BEGIN
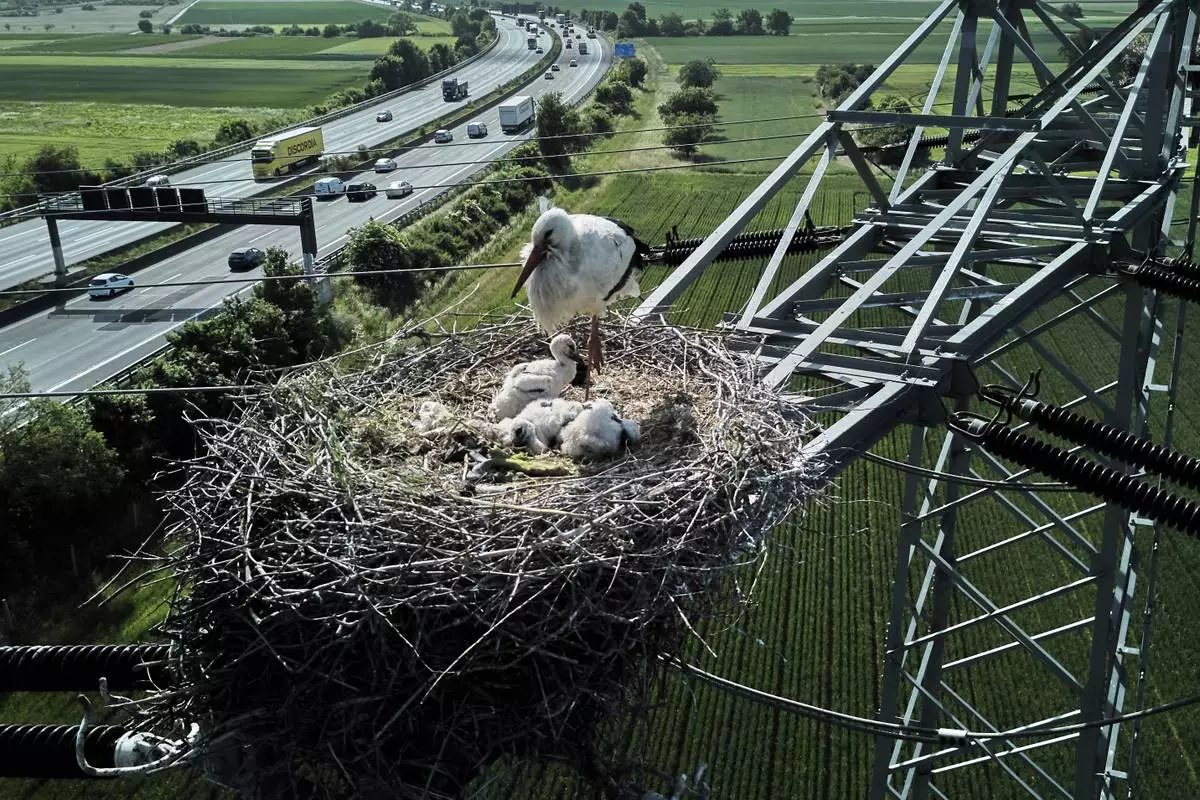 A mother stork guards her storklets on the outskirts of Frankfurt, Germany, Thursday, May 15, 2025. (AP Photo/Michael Probst)
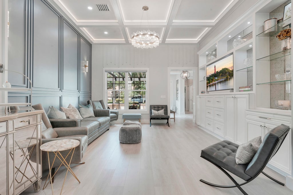 Experience unparalleled luxury in this 'like new' masterpiece, nestled within the beautiful Paseos community, right in the heart of Jupiter. Boasting SE exposure and backing onto a tranquil preserve, this home is your private sanctuary--a true retreat from the everyday. Step into your own tropical haven, where a resort-inspired pool with a sun shelf and waterfall features shimmer beneath the Florida sun, enhanced by pebble and glass tile finishes. This outdoor oasis is designed for living: a spacious covered and screened patio invites you to savor morning coffee, unwind with a book during gentle rain, or catch the big game.
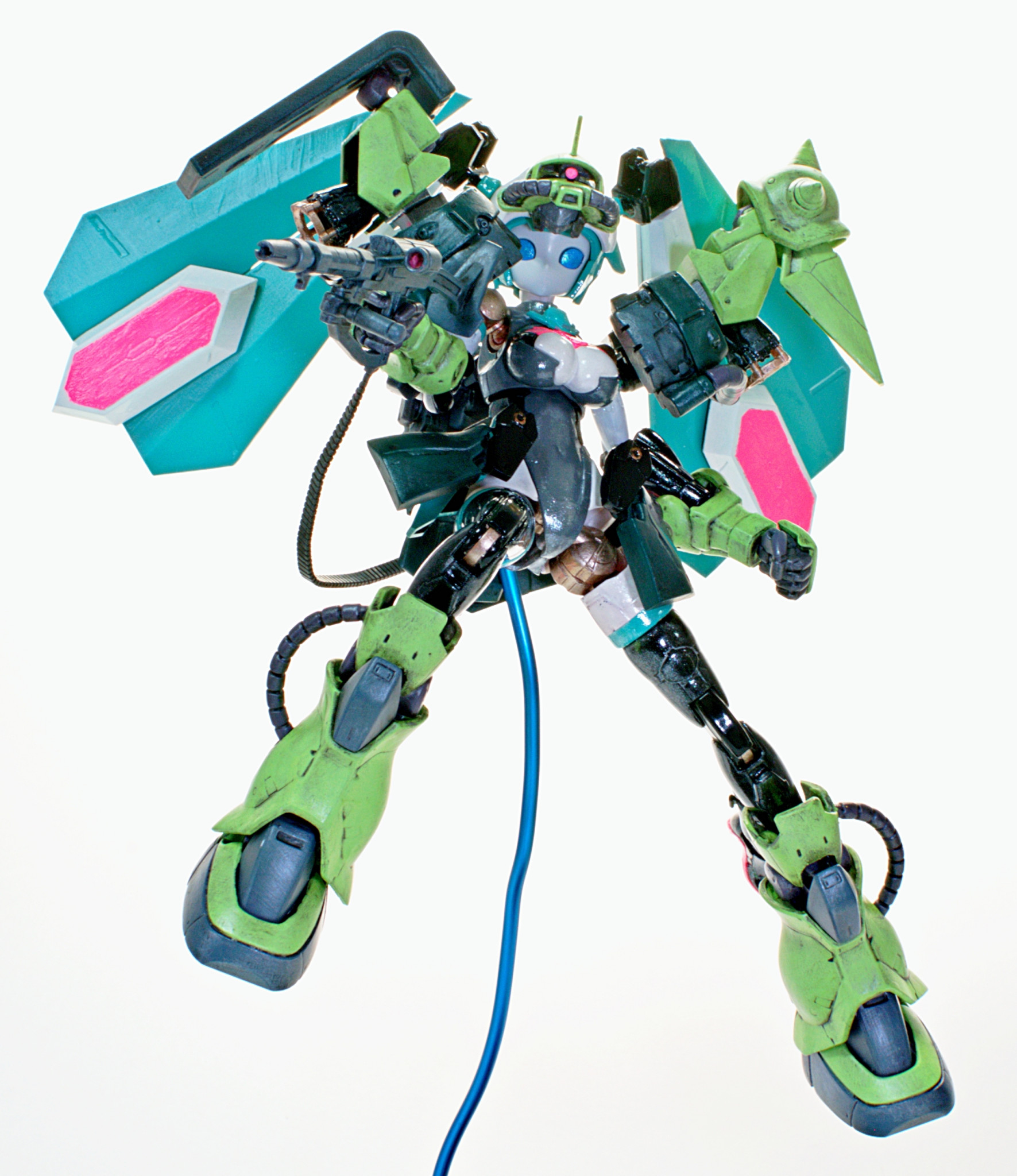 「ミクの日」と「ザクの日」を両立させるべく、「プラネッツシステムを搭載したミクのガンプラのようなナニか」に「プラネッツシステムを使用したザクのアーマー」を合体させたのがこの作品になります!
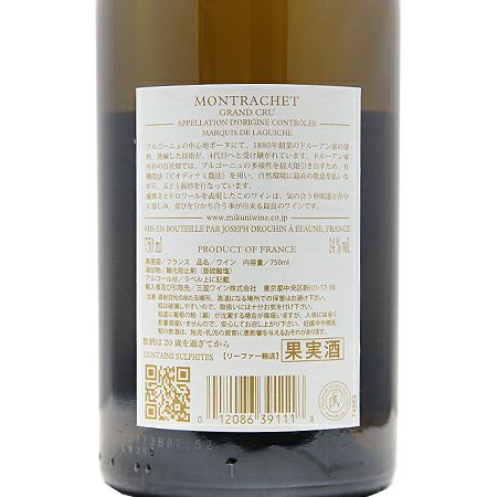 他の画像を見る 【過去の値段に意味などありません。】 モンラッシェ マルキ ド ラギッシュ グラン クリュ 2020 メゾン ジョセフ ドルーアン 白ワイン 定価 ¥ 165,000 のところ 価格 ¥ 154,000 税込 会員特別価格 ¥ 154,000 税込 在庫切れ 詳細を見る お気に入りに登録する
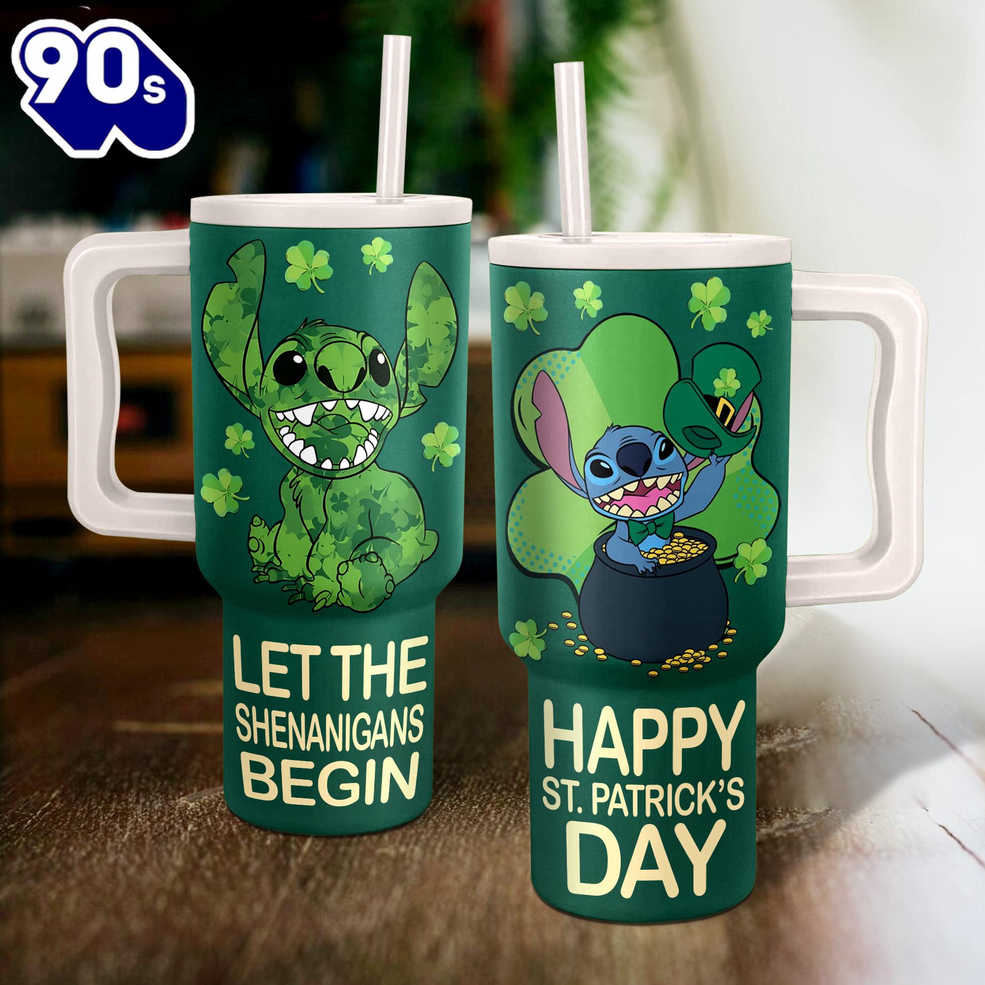 Stitch St. Patrick’s Day Disney Cartoon Custom Stanley Quencher 40oz Stainless Steel Tumbler With Handle
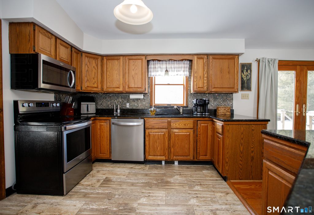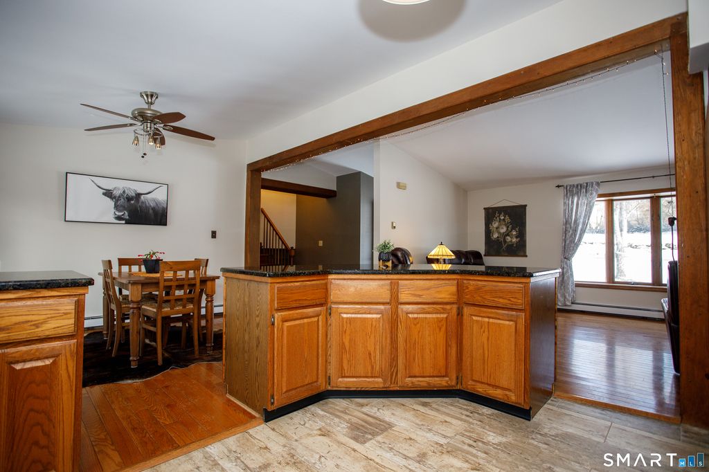 STUNNING SPOTLESS 3 BEDROOM SPLIT LEVEL HOME ON SCENIC ACRE COUNTRY LOT SUROUNDED BY STONEWALLS NEAR MOHEGAN GOLF COURSE. SUN FILLED BRIGHT OPEN FLOWING FLOOR PLAN AS REMODELED GRANITE KITCHEN WITH BREAKFAST BAR AND DINING AREA OPENS TO COZY LIVING ROOM WITH WARM WOOD STOVE FOR THESE COLD WINTER NIGHTS. PRIMARY BEDOOM SUITE WITH FULL BATH AND STALL SHOWER. 2 BEDROOMS AND ANOTHER REMODELED FULL BATH COMPLETES THE UPSTAIRS. WONDERFUL SPRAWLING LOWER LEVEL FAMILY ROOM WITH WALK OUT PERFECT SPACE FOR REC/PLAYROOM, MAN CAVE OR MORE. SPACIOUS BASEMENT STORAGE ALSO. NEWLY PAINTED INTERIOR, NEW TREX DECK OVERLOOKING LEVEL SERENE BACKYARD. SHED WITH WORKBENCH. A HOME THAT FITS YOUR LIFESTYLE AND A PLEASURE TO SHOW!
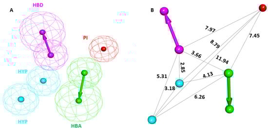 The chemical characterization and interfeature distance of the selected pharmacophore model. (A) Magenta, cyan, green, and red colors represent hydrogen bond donor (HBD), hydrophobic (HYP), hydrogen bond acceptor (HBA), and positive ionizable (PI) features, respectively. (B) The interfeature distance of the selected model is displayed in Å.
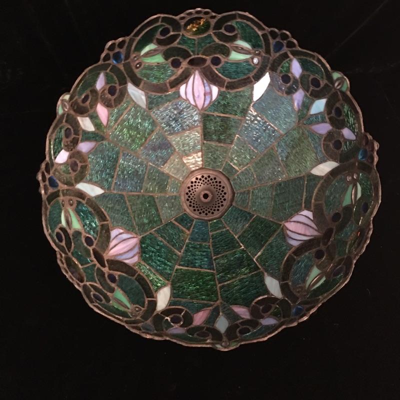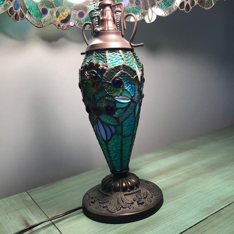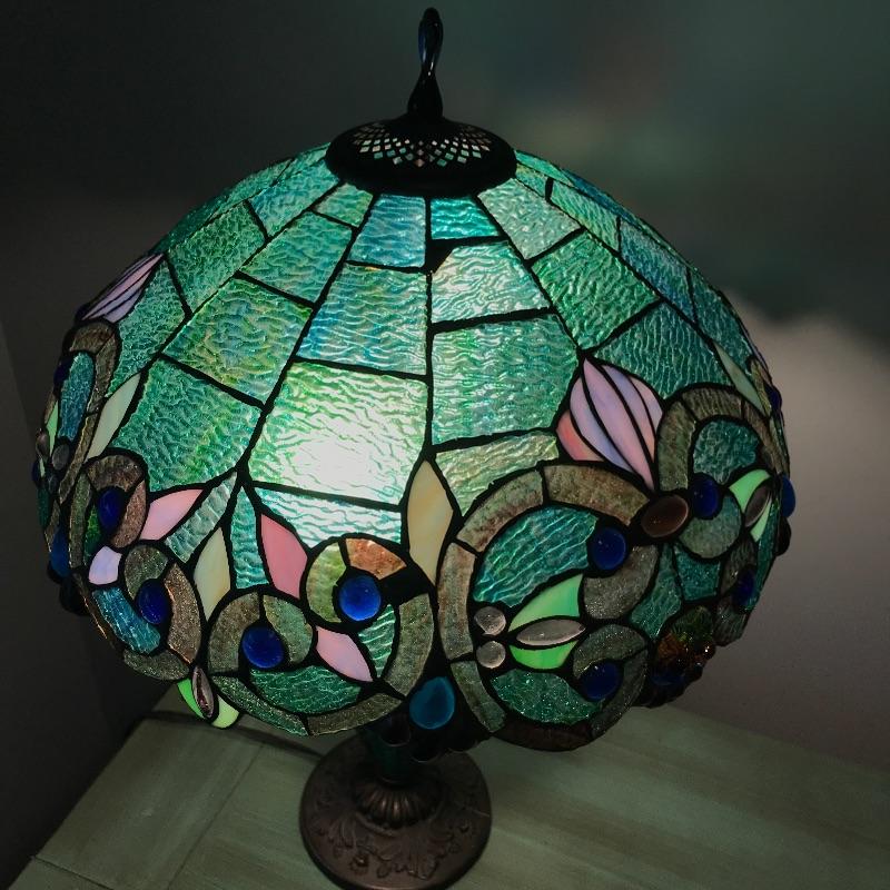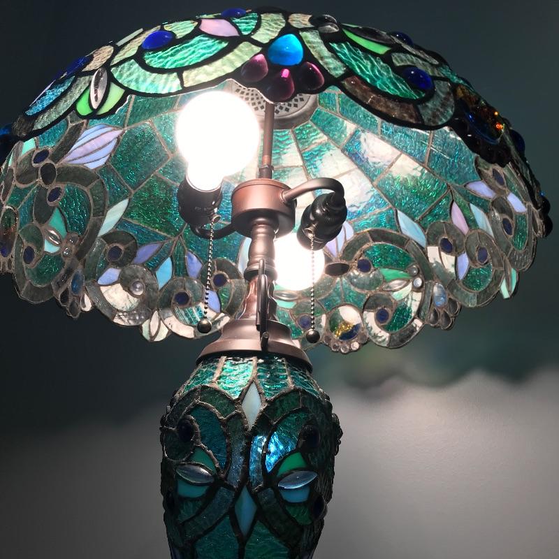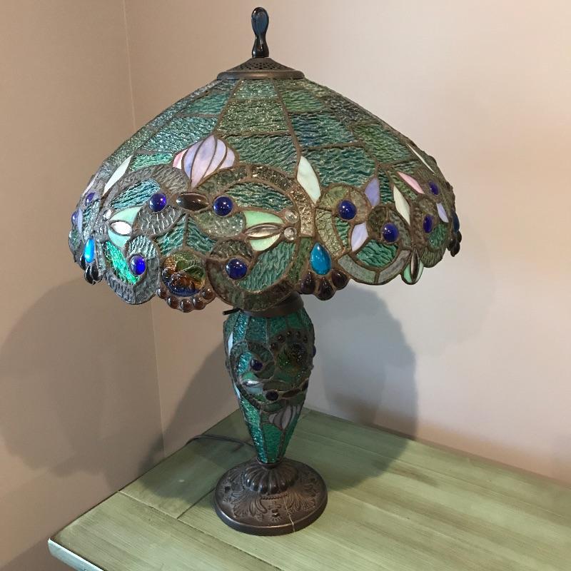 This elegant Tiffany style table lamp comes in attractive green hues with pink, purple and blue embellishments. Lamp has two bulbs and the base lights up. Base has a small crack that does not affect the sturdiness of lamp. see pictures. Lamp measures 24” tall with a 18”D. Shipping available. Item is heavy.
END
### [Task]
Return each entry exactly as it appears above, but exclude the pictures.

### [Task output]
 A mother stork guards her storklets on the outskirts of Frankfurt, Germany, Thursday, May 15, 2025. (AP Photo/Michael Probst)
 Experience unparalleled luxury in this 'like new' masterpiece, nestled within the beautiful Paseos community, right in the heart of Jupiter. Boasting SE exposure and backing onto a tranquil preserve, this home is your private sanctuary--a true retreat from the everyday. Step into your own tropical haven, where a resort-inspired pool with a sun shelf and waterfall features shimmer beneath the Florida sun, enhanced by pebble and glass tile finishes. This outdoor oasis is designed for living: a spacious covered and screened patio invites you to savor morning coffee, unwind with a book during gentle rain, or catch the big game.
 「ミクの日」と「ザクの日」を両立させるべく、「プラネッツシステムを搭載したミクのガンプラのようなナニか」に「プラネッツシステムを使用したザクのアーマー」を合体させたのがこの作品になります!
 他の画像を見る 【過去の値段に意味などありません。】 モンラッシェ マルキ ド ラギッシュ グラン クリュ 2020 メゾン ジョセフ ドルーアン 白ワイン 定価 ¥ 165,000 のところ 価格 ¥ 154,000 税込 会員特別価格 ¥ 154,000 税込 在庫切れ 詳細を見る お気に入りに登録する
 Stitch St. Patrick’s Day Disney Cartoon Custom Stanley Quencher 40oz Stainless Steel Tumbler With Handle
 STUNNING SPOTLESS 3 BEDROOM SPLIT LEVEL HOME ON SCENIC ACRE COUNTRY LOT SUROUNDED BY STONEWALLS NEAR MOHEGAN GOLF COURSE. SUN FILLED BRIGHT OPEN FLOWING FLOOR PLAN AS REMODELED GRANITE KITCHEN WITH BREAKFAST BAR AND DINING AREA OPENS TO COZY LIVING ROOM WITH WARM WOOD STOVE FOR THESE COLD WINTER NIGHTS. PRIMARY BEDOOM SUITE WITH FULL BATH AND STALL SHOWER. 2 BEDROOMS AND ANOTHER REMODELED FULL BATH COMPLETES THE UPSTAIRS. WONDERFUL SPRAWLING LOWER LEVEL FAMILY ROOM WITH WALK OUT PERFECT SPACE FOR REC/PLAYROOM, MAN CAVE OR MORE. SPACIOUS BASEMENT STORAGE ALSO. NEWLY PAINTED INTERIOR, NEW TREX DECK OVERLOOKING LEVEL SERENE BACKYARD. SHED WITH WORKBENCH. A HOME THAT FITS YOUR LIFESTYLE AND A PLEASURE TO SHOW!
 The chemical characterization and interfeature distance of the selected pharmacophore model. (A) Magenta, cyan, green, and red colors represent hydrogen bond donor (HBD), hydrophobic (HYP), hydrogen bond acceptor (HBA), and positive ionizable (PI) features, respectively. (B) The interfeature distance of the selected model is displayed in Å.
 This elegant Tiffany style table lamp comes in attractive green hues with pink, purple and blue embellishments. Lamp has two bulbs and the base lights up. Base has a small crack that does not affect the sturdiness of lamp. see pictures. Lamp measures 24” tall with a 18”D. Shipping available. Item is heavy.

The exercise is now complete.